Now , the best of the estimable in term of bird poop came from Peru : it “ stand alone in terms of the N content , ” Mauricio Betancourt , generator of arecent paperon the persona of guano in US history , toldScience Newsthis week , “ because of its location in a property [ … ] where itvery rarely rain . ”
It ’s not so much that ironical conditions make you poop more N , he explained – it ’s more that the guano does n’t get its rude nitrogen levels washed away by rainwater or humidness . That makes it capital fertilizer , since nitrogen is akey componentof chlorophyll – the green pigment that help plant life photosynthesize – as well as making up part of the compounds that regulate plant life development and development .
Add to that dirt cocktail the high levels of other nutrients that came from the birds ’ rich equatorial marine diet , and you had the unadulterated recipe for nothing less than a gold rush . But in brown .
“ Guano digger build settlements on [ Peru ’s ] island , ” Betancourt , who is an environmental sociologist at Washington and Lee University in Lexington , Virginia , told Science News . “ You had 100 of people live on there for 40 year . ”
“ [ It ] scared the dame , ” he added . “ There are no precise estimates of the size of the populations back then . in all probability there were about 50 million birds . Today , there are a few hundred thousand birds . ”
An empire built on sh…akylegal terminology
As you might imagine , this was hardly a sustainable modelling – even the most industrious skirt can onlypoopso much , after all . And so , as Peru ’s poop mines started running juiceless , nations that had previously rely on the South American country ’s exportation begin look for alternative solutions for the doo - doo shortage .
At first , they were pretty mutual sensation : if Peru ’s the skinny is gone , how about Chile ’s ? But when even that nation ’s reserves started running juiceless , things got more dastardly , and in 1879 , back by guano - hungry Britain , Chile go to warfare with Peru and Bolivia in the War of the Pacific .
“ The warfare was won by Chile , who , back by Britain , annex Peru ’s nitrate ( and lithium ) state of Tarapacá , never to allow it again , ” Betancourt wrote in his newspaper publisher . “ Likewise , Bolivia ceded Antofagasta ( and thus its access to the ocean ) to Chile , which to this day it still claim . ”

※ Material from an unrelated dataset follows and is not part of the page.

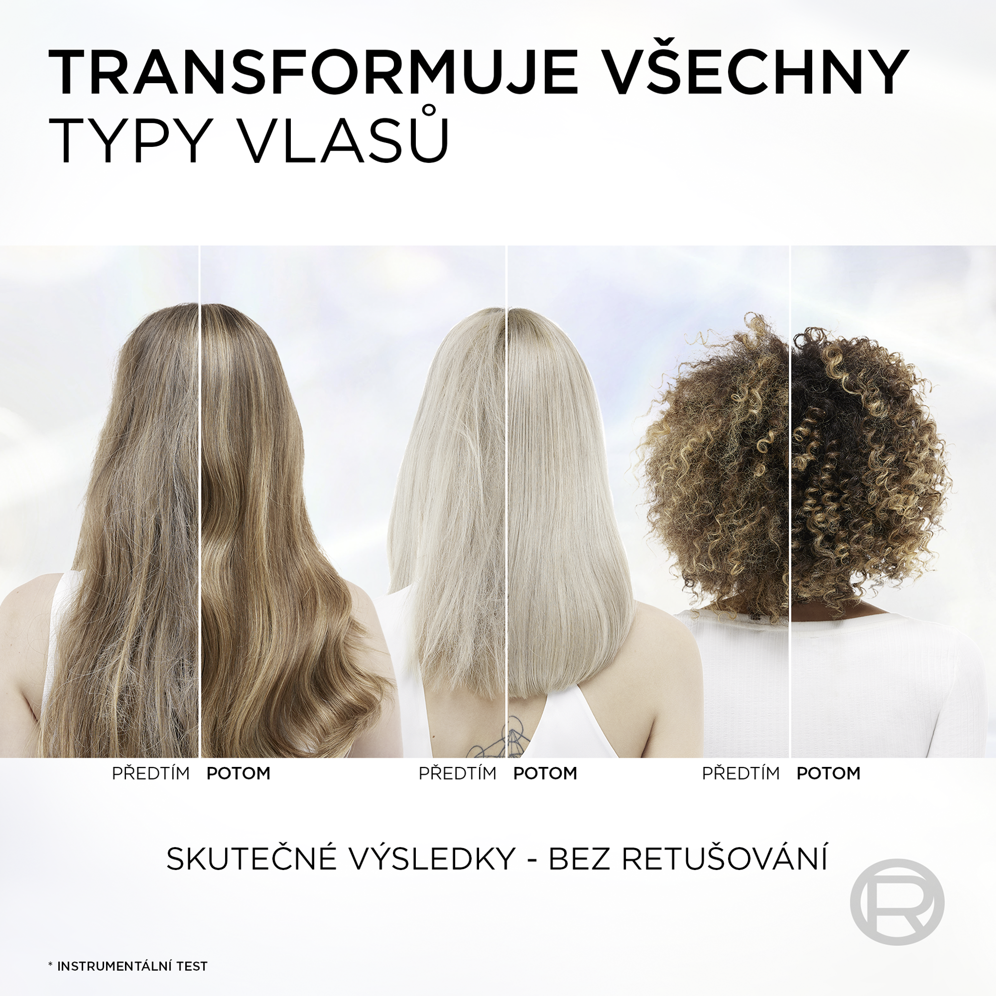 * Instrumentální test po 5 aplikacích před-šamponovou péči + šamponu + balzámu. **Instrumentální test po 6 aplikacích před-šamponovou péči + šamponu + balzámu. ***Instrumentální test před-šamponová péče + šamponu+ balzámu.

Still , this would be far from the only external expansionism driven by desire for the doo . Enter the US , who , rather than set up a proxy war to ensure its approach toguano , opted for a more … unilateral overture .

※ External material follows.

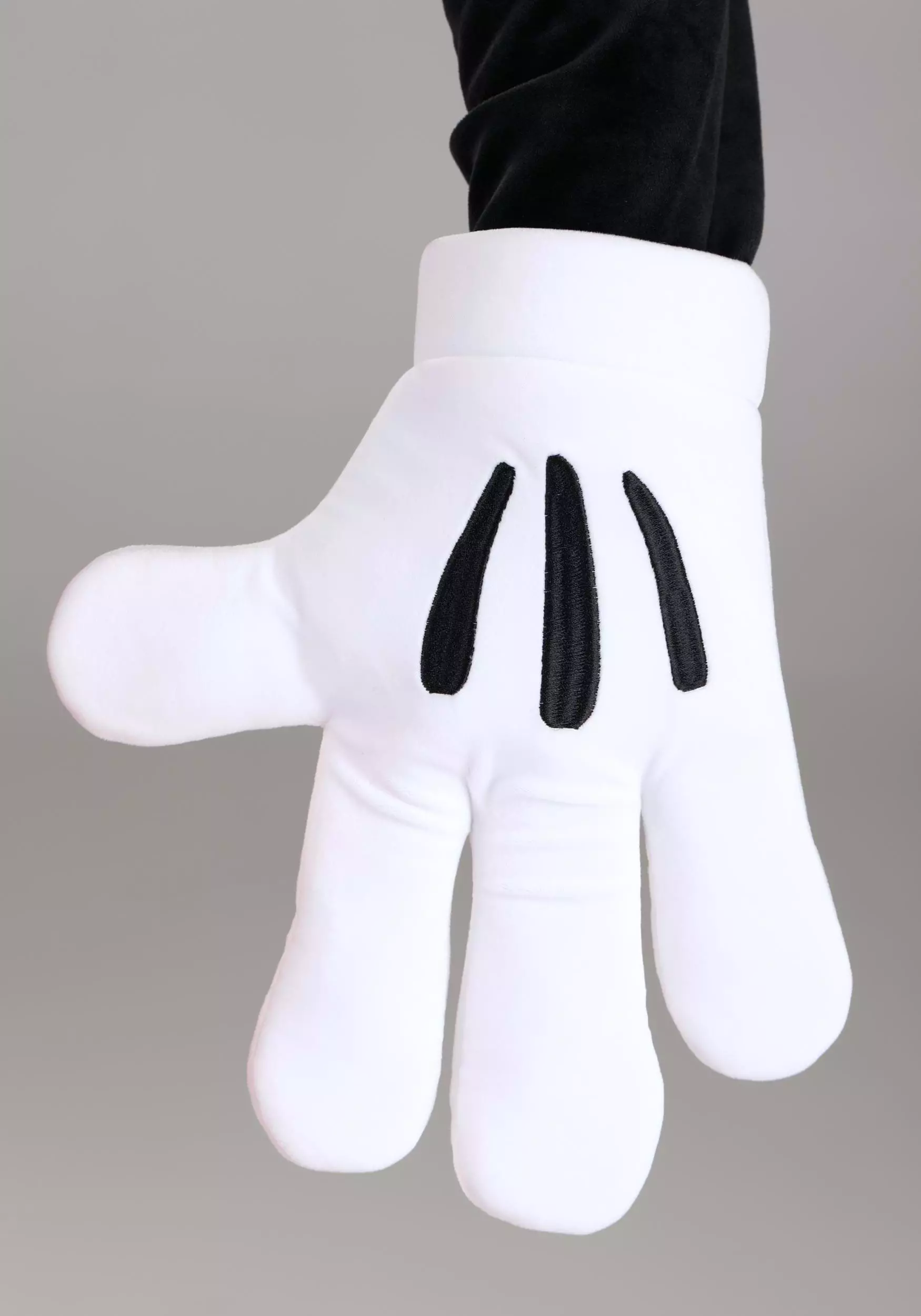 - White plush gloves have foam backing, embroidered details

“ Farmers in the United States start pressuring Congress to pass some sort of legislation that will meliorate domestic entree to this full of life excrement , ” Ponsa - Kraus explain . “ The result is the Guano Islands Act , lawmaking that authorized the United States to take control of a guano island if a citizen let on it and undertook certain action to take possession of it . ”
While the idea of the US absorbing islands into its dominion might seem erstwhile hat to us today , what with the being of places like Hawaii , Puerto Rico , Samoa , Guam , and so on , the passage of the Guano Islands Act was amazingly controversial at the time .
“ The whole matter made a few citizenry pretty nervous , ” observe Ponsa - Kraus . “ Was all this , they wondered , some sort of occult plot of land to start set up overseas island colonies ? There ’s immunity to this notion in various one-fourth . ”
Now , what it mean in expert terminus was … not very much , actually . Which was by design – the US wanted the guano on these islands , but not any duty for them : “ You did n’t want to go out and take reign over all these messy places , ” Ponsa - Kraus say . “ From a sound position , that would be a full painfulness ! ”
The upshot , though , was straightaway : in total , something like 100 guano island were plug for the US , with 10 percentage remaining possessions of the country even today . And they ’re not just rocks covered in horseshit , either : over the years , many have been used as military bases for the US , with one – Johnson Atoll , grow through the Act in March 1858 – being used during the Vietnam war to hive away the chemical weaponAgent Orange .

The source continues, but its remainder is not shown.